### Task objective
Pictures excluded, output the lines of the data below between the one holding "Паровая швабра КТ-1011-3" and the one holding "[00:00.00] | 作词 : 木小雅 |", inclusive, exactly as they stand.

### Stored data
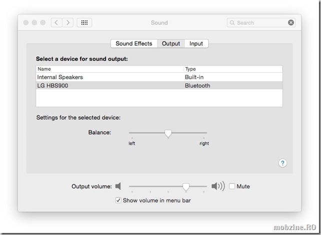 În ultimă instanță, deschideți Sound din setările Mac OS X și verificați dacă pe Output sunt selectate căștile LG HBS900. Acum sunetul va putea fi trimis în căști.
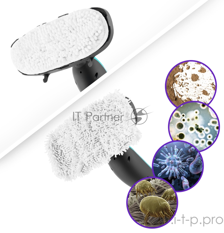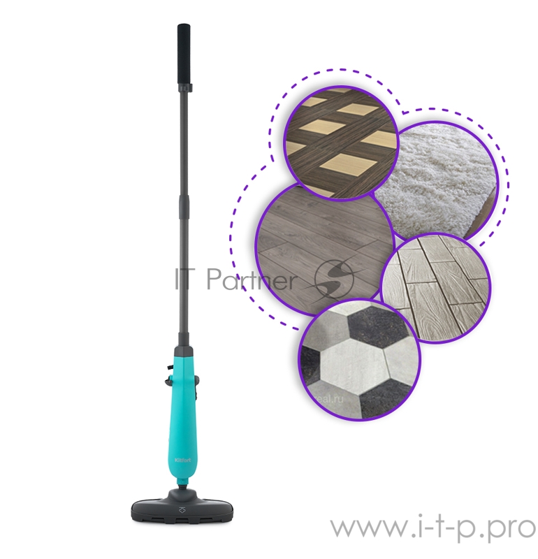 Паровая швабра КТ-1011-3 бирюзовый. Принцип действия паровой швабры Kitfort KT-1011 основан на воздействии горячего пара на загрязнения. Пар проникает внутрь загрязнения, размягчая и растворяя его, а затем с помощью тряпки или щётки частички грязи см
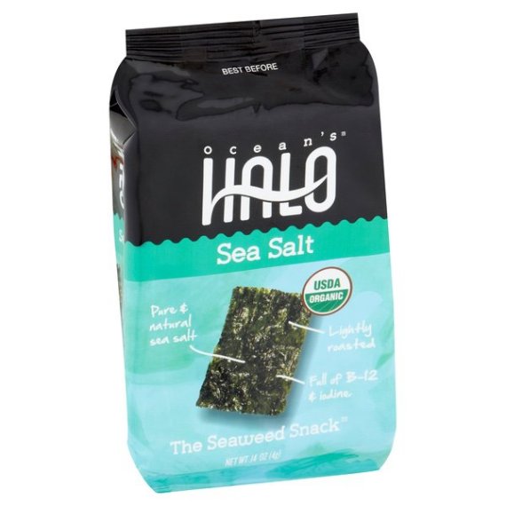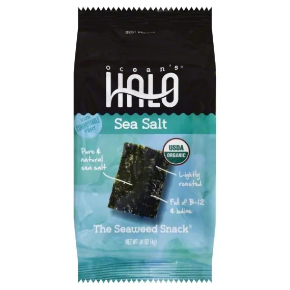 Details Ingredients ORGANIC SEAWEED, ORGANIC SUNFLOWER OIL, SEA SALT. Product features Ocean’s Halo Organic Sea Salt Seaweed Snack, .14 oz. unit Seaweed Snack Organic Vegan Gluten-free Non-GMO Sustainably farmed kelp Learn more at oceanshalo.com Seaweed Snack, Sea Salt 100% compostable tray. Pure & natural sea salt. USDA organic. Lightly roasted. Full of B-12 & iodine. Swim against the tide. Eat seaweed. What's better than a regular old seaweed sheet? Our yummy organic seaweed snacks are made with sustainably harvested seaweed, packed with good-for-you vitamins, like B12, and rich in minerals, like iodine, that are super important to your health. Like them? Tell us: Facebook: fb.com/oceanshalo. Twitter: (at)oceanshalo. Please recycle this bag. Certified organic by FIQ. Certified vegan. vegan.org. No gluten ingredients. We donate 2% or our profits to the Monterey Bay Aquarium's Children's Education Fund to inspire ocean conservation. www.oceanshalo.com. Product of Korea. Net Quantity of Content 1 X 4 g
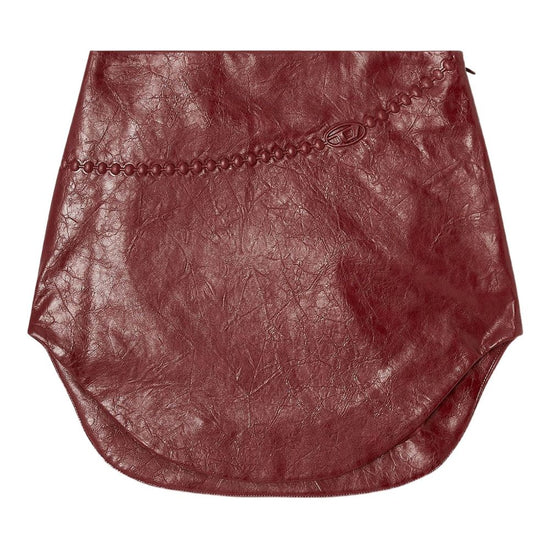 Brown textured finish embossed motif high-low hem side zip fastening mini length faux leather mini skirt
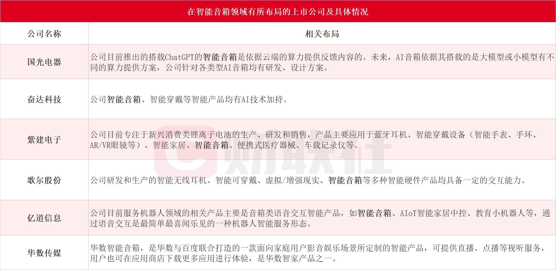 据财联社不完全统计,在智能音箱领域有所布局的A股上市公司包括国光电器、奋达科技、紫建电子、歌尔股份、亿道信息和华数传媒等,具体情况如下:
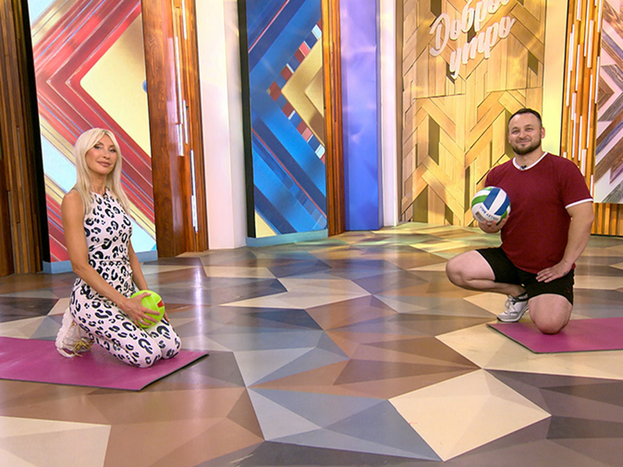 Укрепим внутреннюю часть бёдер и тонизируем руки. Тренировку с мячом для плоского живота проведёт рубрика "Быстрая зарядка".
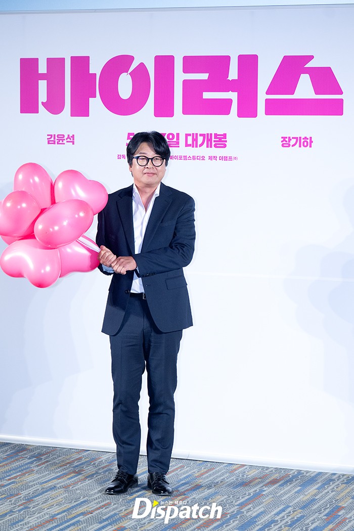 김윤석은 블랙 수트로 중후한 매력을 뽐냈다. 재치 넘치는 포즈로 웃음을 자아냈다.
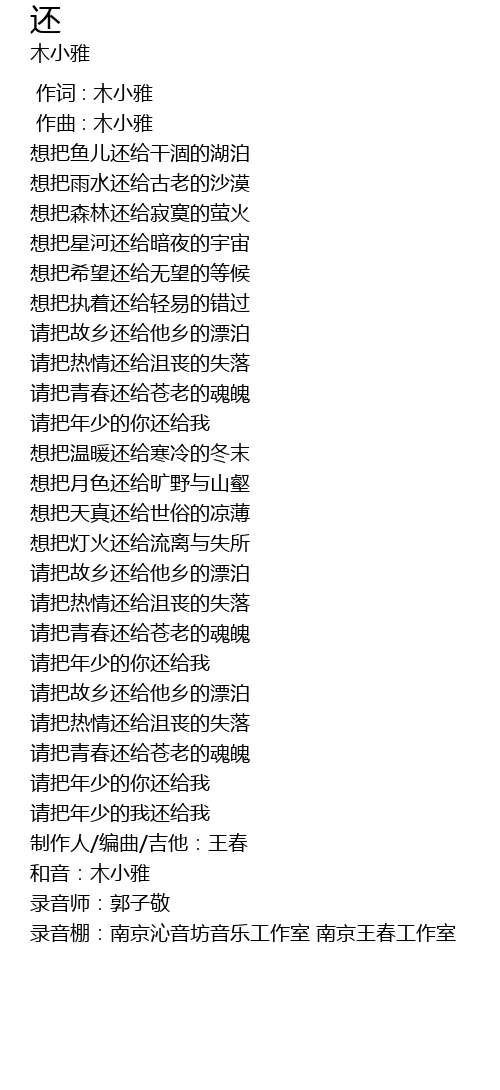 | [00:00.00] | 作词 : 木小雅 |
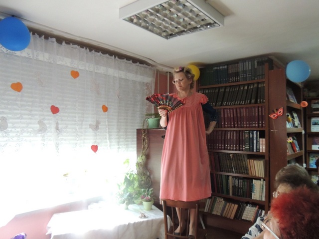 В начале вечера ведущая поздравила присутствующих с участием во Всероссийской акции, рассказала историю возникновения «Библионочи» в России. Затем работники библиотеки совместно с членами клуба «В кругу друзей» показали театрализованный отрывок из пьесы Владимира Гуркина «Любовь и голуби».
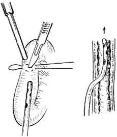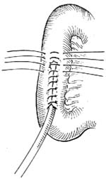 | ⑴探查十二指肠悬韧带,决定造瘘部位 |
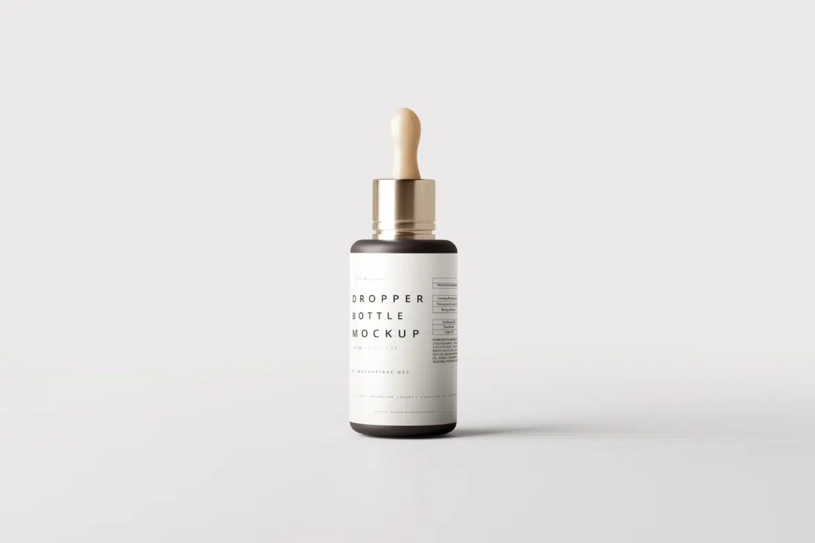 Dark Plastic Body, Metal Closure Dropper Bottle Mockups Free
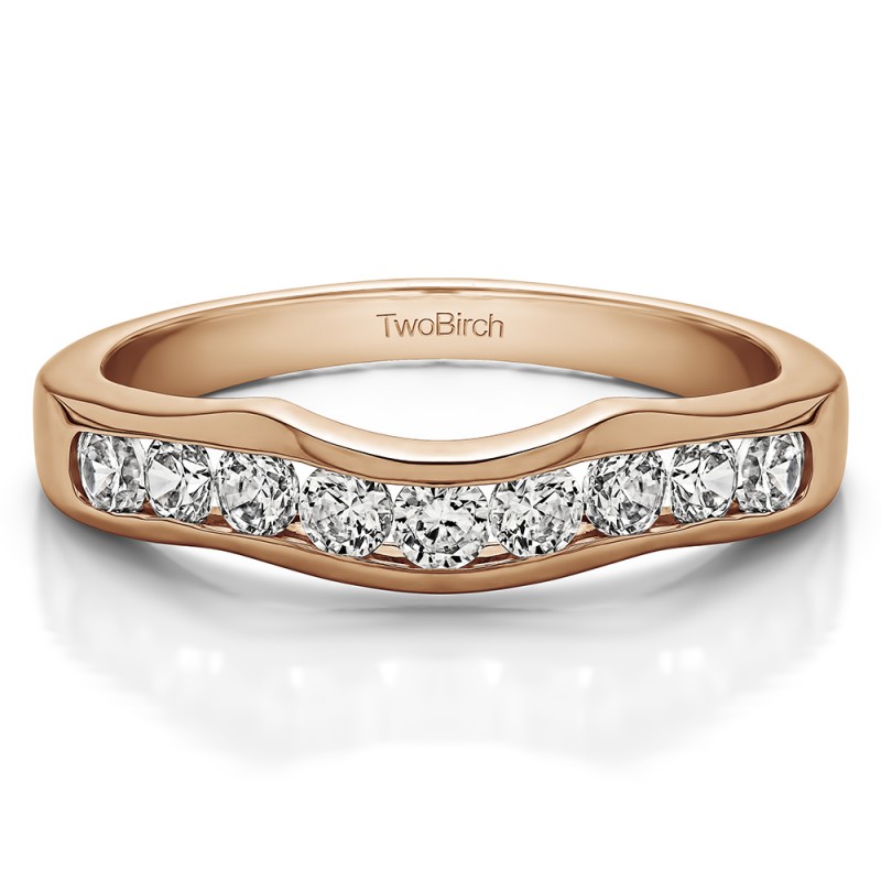 This curved wedding ring features 8 round, channel set stones with 0.48 carats in total. The ring is 2 millimeters wide and weighs approximately 4.25 grams. This contour band is made to fit a round solitaire from 0.5 carats up to 1 carats, a marquise solitaire from 0.25 carats up to 1 carats, or a princess cut solitaire from 0.5 carats up to 0.75 carats. Curved rings are perfect for most style engagement rings. If you are unsure what will fit with your engagement ring, please add Virtual Fit onto your order so we can email you images of our ring with yours for approval before shipping.
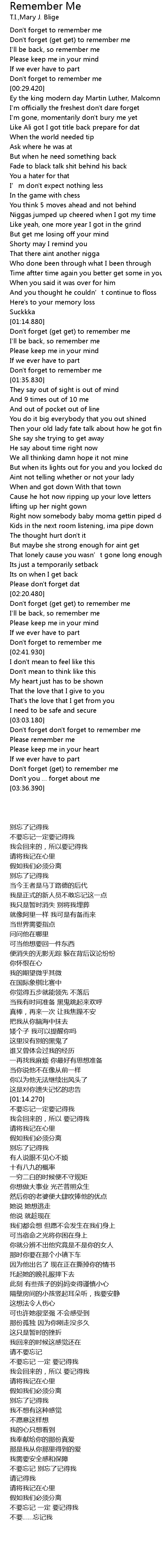 | [01:15.250] | Don' t forget get get to remember me |
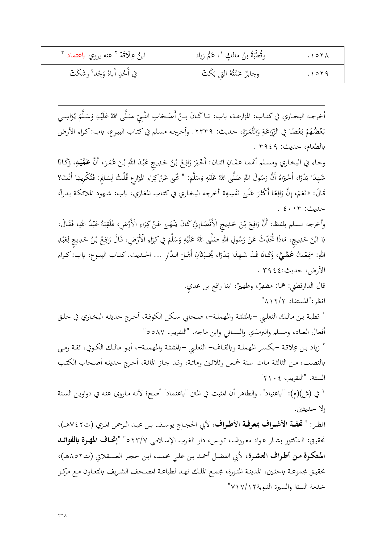 1528 - وقُطْبَةُ بنُ مالكٍ (¬1)، عَمُّ زياد ... ابنُ عِلَاقَهْ (¬2) عنه يروي باعتماد (¬3)
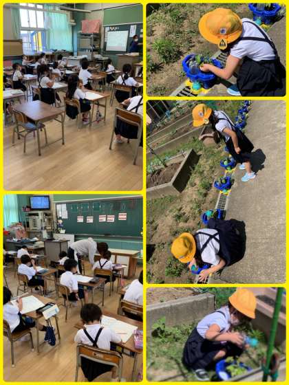 2年1組は漢字学習。だんだんとむずかしい漢字が増えてきました。2組は発育測定。静かにルールも守れていました。3年2組も漢字学習。3年生で習う漢字は、なんと200字! 一つ一つていねいに覚えていこう!
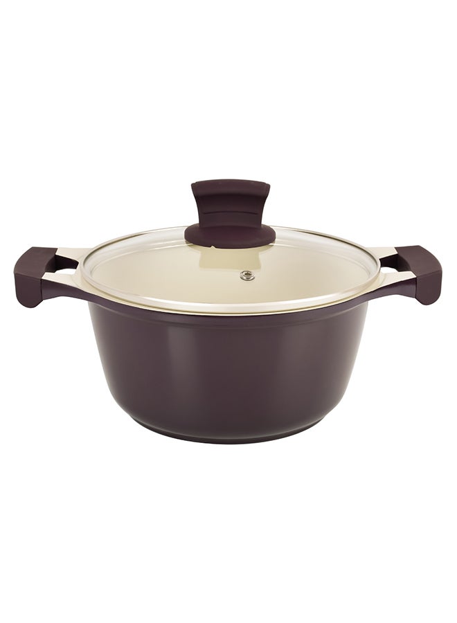 9-Piece Ceramic Design Bakelite Handle With Soft Touch Non Slip Cookware Set Includes 2xCasseroles 26 cm, 20 cm, 1xSaute Pan 24 cm, 1xFrypan 24 cm, 2xTurner, 3xGlass Lids Purple 24cm

### Task answer
 Паровая швабра КТ-1011-3 бирюзовый. Принцип действия паровой швабры Kitfort KT-1011 основан на воздействии горячего пара на загрязнения. Пар проникает внутрь загрязнения, размягчая и растворяя его, а затем с помощью тряпки или щётки частички грязи см
 Details Ingredients ORGANIC SEAWEED, ORGANIC SUNFLOWER OIL, SEA SALT. Product features Ocean’s Halo Organic Sea Salt Seaweed Snack, .14 oz. unit Seaweed Snack Organic Vegan Gluten-free Non-GMO Sustainably farmed kelp Learn more at oceanshalo.com Seaweed Snack, Sea Salt 100% compostable tray. Pure & natural sea salt. USDA organic. Lightly roasted. Full of B-12 & iodine. Swim against the tide. Eat seaweed. What's better than a regular old seaweed sheet? Our yummy organic seaweed snacks are made with sustainably harvested seaweed, packed with good-for-you vitamins, like B12, and rich in minerals, like iodine, that are super important to your health. Like them? Tell us: Facebook: fb.com/oceanshalo. Twitter: (at)oceanshalo. Please recycle this bag. Certified organic by FIQ. Certified vegan. vegan.org. No gluten ingredients. We donate 2% or our profits to the Monterey Bay Aquarium's Children's Education Fund to inspire ocean conservation. www.oceanshalo.com. Product of Korea. Net Quantity of Content 1 X 4 g
 Brown textured finish embossed motif high-low hem side zip fastening mini length faux leather mini skirt
 据财联社不完全统计,在智能音箱领域有所布局的A股上市公司包括国光电器、奋达科技、紫建电子、歌尔股份、亿道信息和华数传媒等,具体情况如下:
 Укрепим внутреннюю часть бёдер и тонизируем руки. Тренировку с мячом для плоского живота проведёт рубрика "Быстрая зарядка".
 김윤석은 블랙 수트로 중후한 매력을 뽐냈다. 재치 넘치는 포즈로 웃음을 자아냈다.
 | [00:00.00] | 作词 : 木小雅 |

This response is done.